- _Task goal_: What is needed is every line from the one holding "Цвет СерыйЦилиндры 4Привод" to the last line of the data below, printed exactly and without pictures.

- _Source data_:
┄┄┄┄┄┄┄┄┄┄

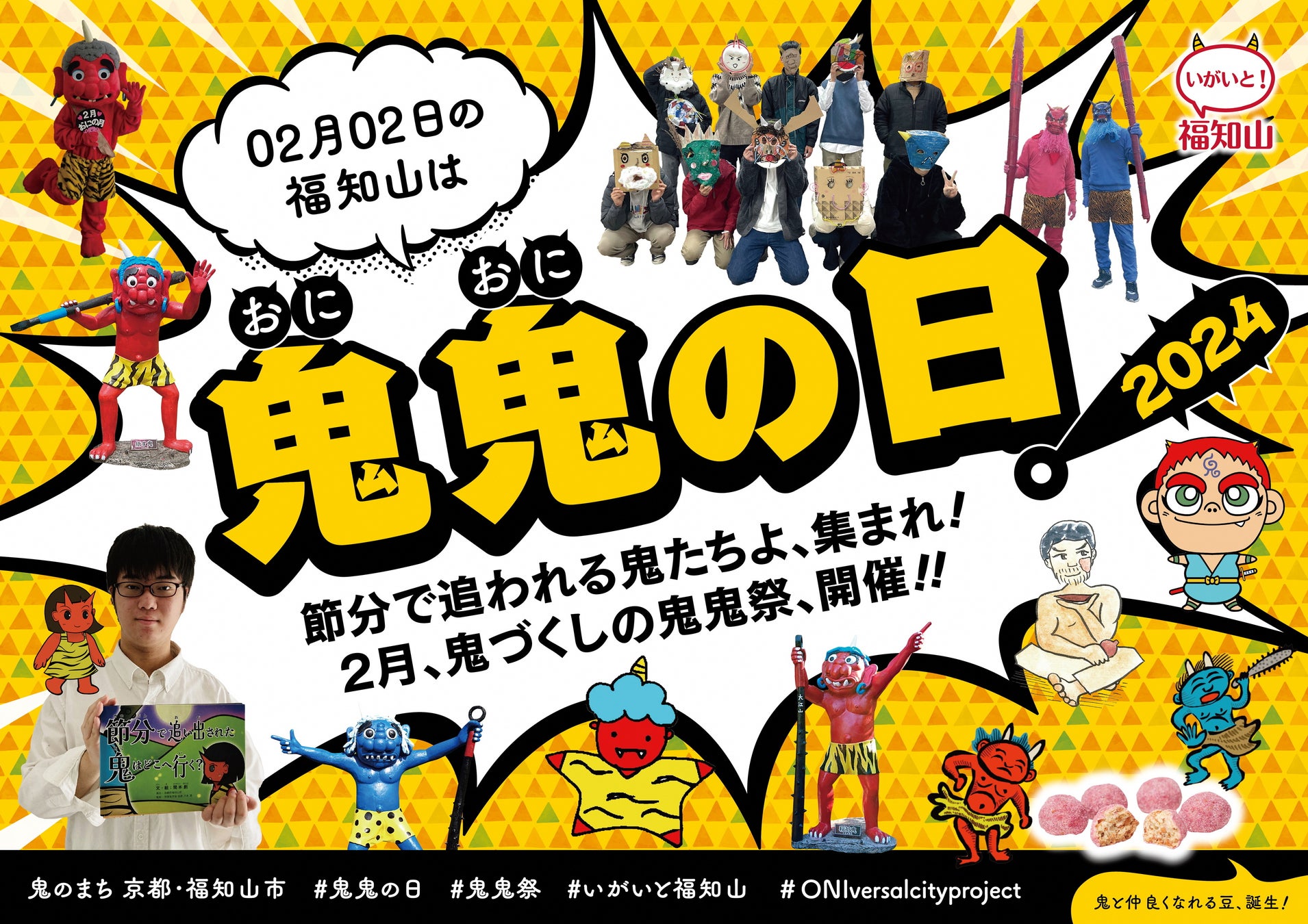 京都府福知山市は、「02」(オニ)の語呂合わせで、2月2日を「鬼鬼の日」として発信し、鬼鬼の日の周辺で鬼にまつわる企画を集めたプロジェクト「鬼鬼祭」を開催します。コンセプトは、大江山鬼伝説のある「鬼のまち」らしく、「節分で追われる鬼たちよ、集まれ!」。4年目となる今回は、鬼にゆかりのある地域や団体、また福知山公立大学生によるユニークな企画が満載です。まちぐるみで鬼を盛り上げる、鬼づくしの「鬼の祭典」、開幕します!
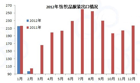 2012年1-2月,纺织品服装累计出口312.30亿美元,同比减2.59%。
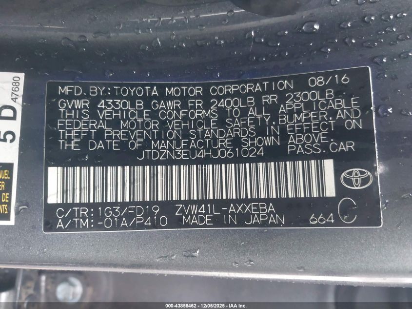 Цвет СерыйЦилиндры 4Привод Передний приводVIN JTDZN3EU4HJ061024Состояние СтационарноПовреждения Передняя или задняя AutoRIA
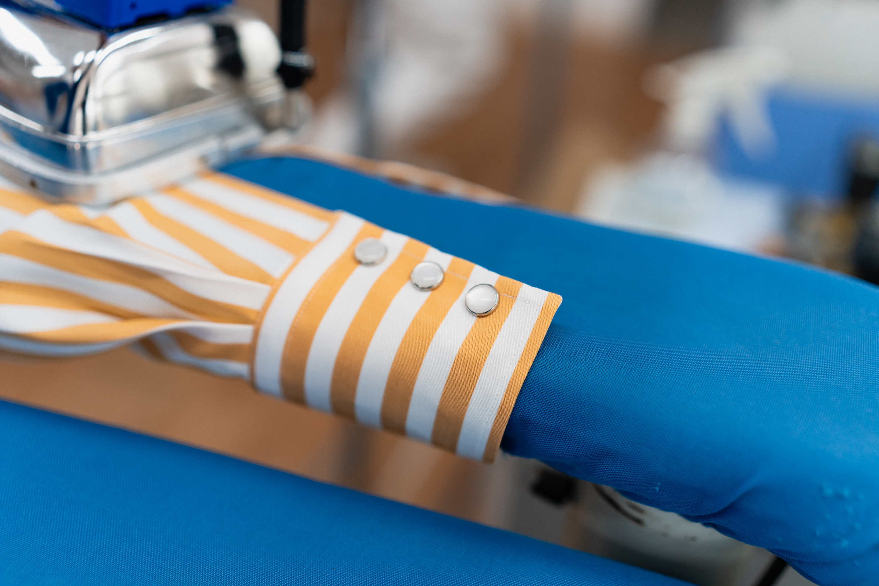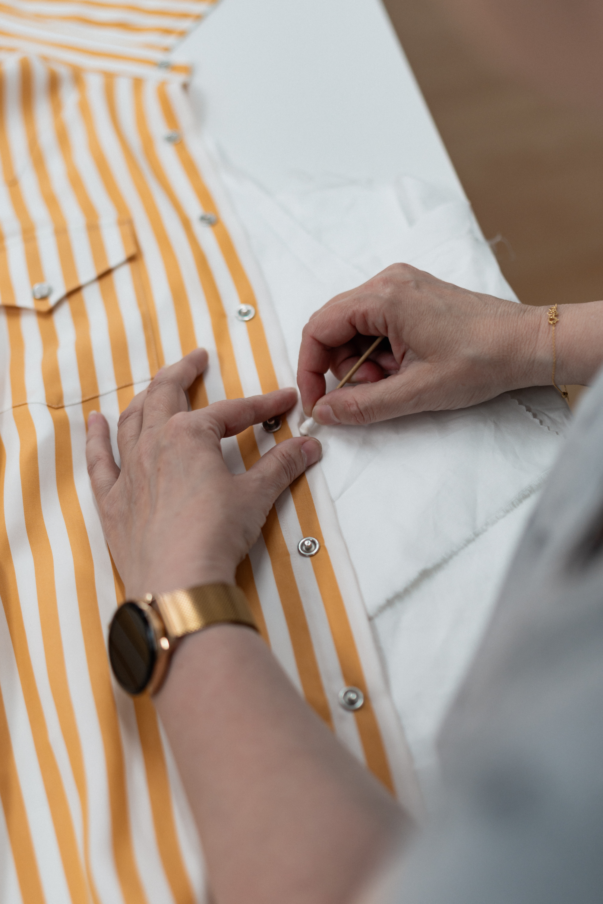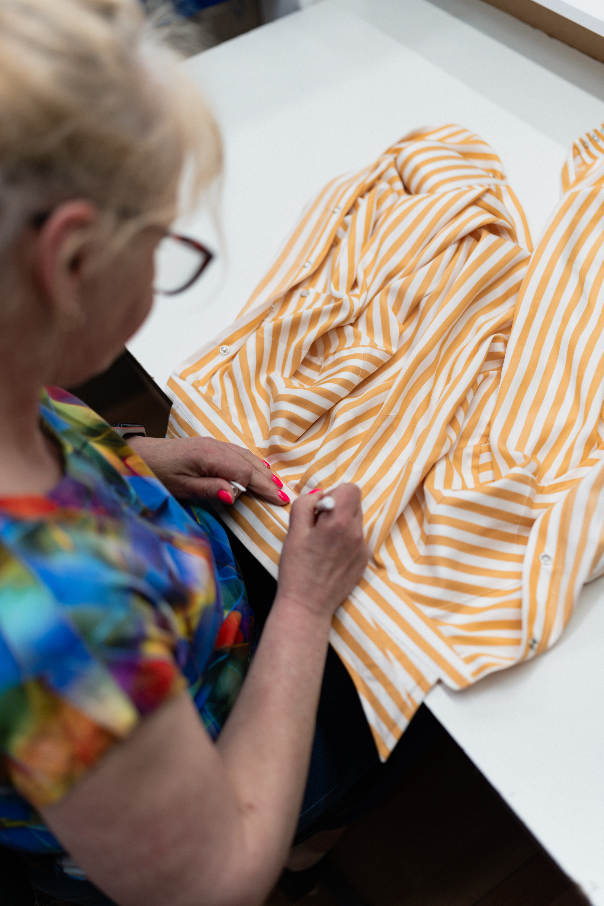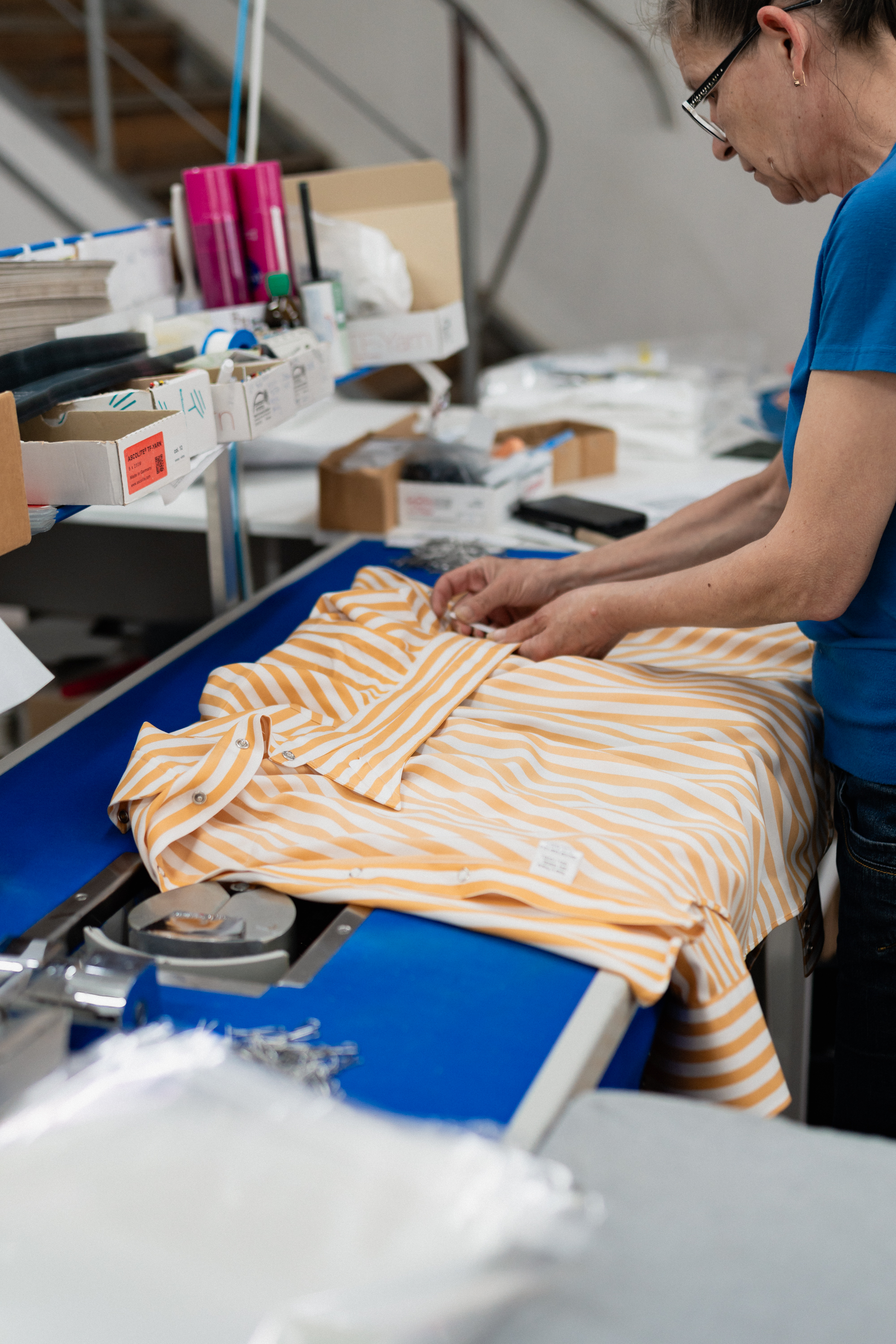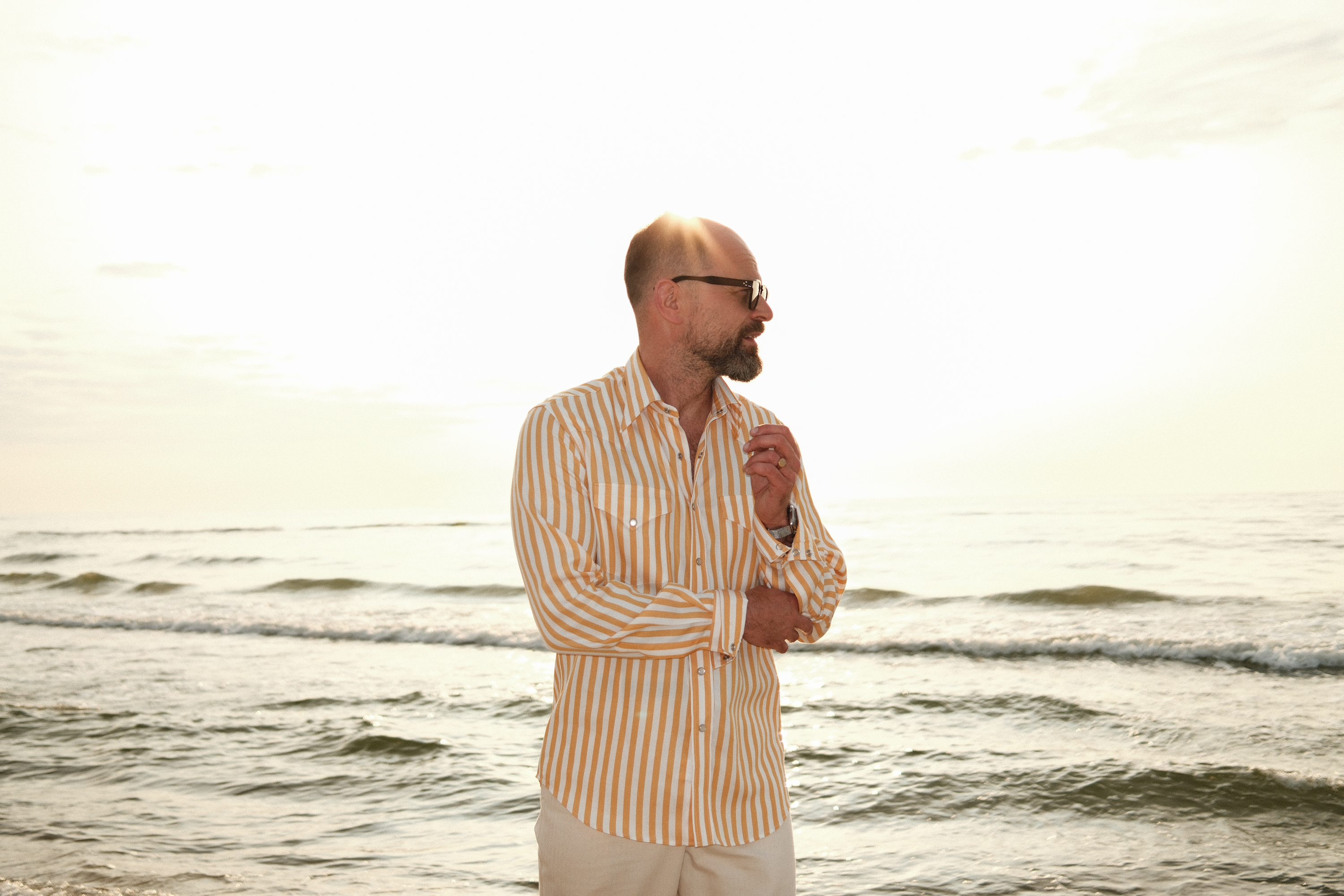 Zacząć mogę na przykład od anegdoty, że to chyba pierwsza koszula w historii, której cały proces szycia, wszystkie etapy, zobaczyliśmy z Tomkiem na własne oczy. A ta sztuka, którą widzicie na zdjęciach powyżej, pojechała z nami na Mierzeję Wiślaną prosto z produkcji!

┄┄┄┄┄┄┄┄┄┄

- _Answer to this task_:
 Цвет СерыйЦилиндры 4Привод Передний приводVIN JTDZN3EU4HJ061024Состояние СтационарноПовреждения Передняя или задняя AutoRIA
 Zacząć mogę na przykład od anegdoty, że to chyba pierwsza koszula w historii, której cały proces szycia, wszystkie etapy, zobaczyliśmy z Tomkiem na własne oczy. A ta sztuka, którą widzicie na zdjęciach powyżej, pojechała z nami na Mierzeję Wiślaną prosto z produkcji!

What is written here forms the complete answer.